The Burge court relies on Webster v. Superior Court (1988) 46 Cal.3d 338, 344 [250 Cal.Rptr. 268, 758 P.2d 596], and Love v. Superior Court (1990) *317226 Cal.App.3d 736, 745 [276 Cal.Rptr. 660], to justify its expanded reading of section 23152. Both cases stand for the proposition that courts will look beyond the literal words of a statute when their plain meaning leads to results which are inconsistent with the intent of the legislators. Here, the language of section 23152 does not conflict with the purpose of the legislation; it merely limits its application. Thus, on the basis of the clear language of the statute, its legislative history and inapplicability of Webster and Love, I find the section 23152 presumption unavailable in administrative hearings.
A petition for a rehearing was denied December 23, 1992, and respondent’s petition for review by the Supreme Court was denied March 18, 1993.

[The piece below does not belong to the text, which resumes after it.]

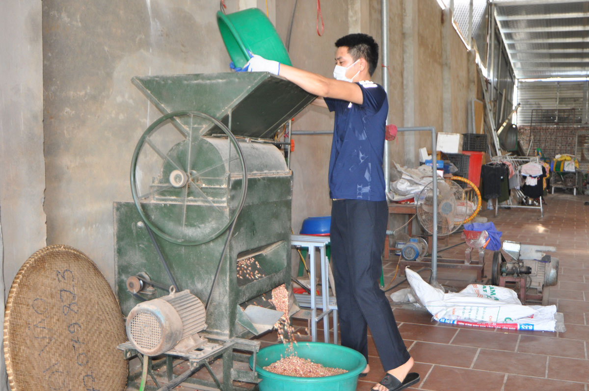 Vừa đổ lạc vào máy bóc vỏ, anh Quang vừa chia sẻ: Tốt nghiệp THPT năm 2011, sau đó tôi đi làm thuê cho các công ty, doanh nghiệp. Đến năm 2016, nghe theo tiếng gọi của Tổ quốc, tôi tham gia nghĩa vụ quân sự. Sau 2 năm hoàn thành nghĩa vụ, trở về địa phương, tôi luôn nghĩ mình phải làm gì đó để sản xuất ra một sản phẩm vừa an toàn lại vừa tốt cho sức khỏe của người dân. Sau một thời gian tìm hiểu, tôi thấy địa phương mình là huyện thuần nông, bà con trồng khá nhiều lạc. Nguyên liệu sẵn có là vậy nhưng người dân lại phải mang lạc đi xa để ép lấy dầu ăn nên tôi đã đến một số tỉnh để học hỏi và quyết làm.

All statutory references are to the Vehicle Code.
The proposed amendment in no way claimed to be a mere clarification of existing law. (See Tyler v. State of California (1982) 134 Cal.App.3d 973, 977, fn. 2 [185 Cal.Rptr. 49].) The Legislative Counsel’s Digest which accompanied the bill stated: “Existing law prohibits driving a motor vehicle under the influence of an alcoholic beverage or drug, or both, and creates a rebuttable presumption that the driver had more than the permissible amount of alcohol in the blood if a chemical test of the blood, breath, or urine performed within 3 hours of the driving shows a blood alcohol concentration of more than the permissible limit, [f] This bill would make this rebuttable presumption applicable also in an administrative hearing.” (Legis. Counsel’s Dig., Sen. Bill No. 1186 (1991-1992 Reg. Sess.).)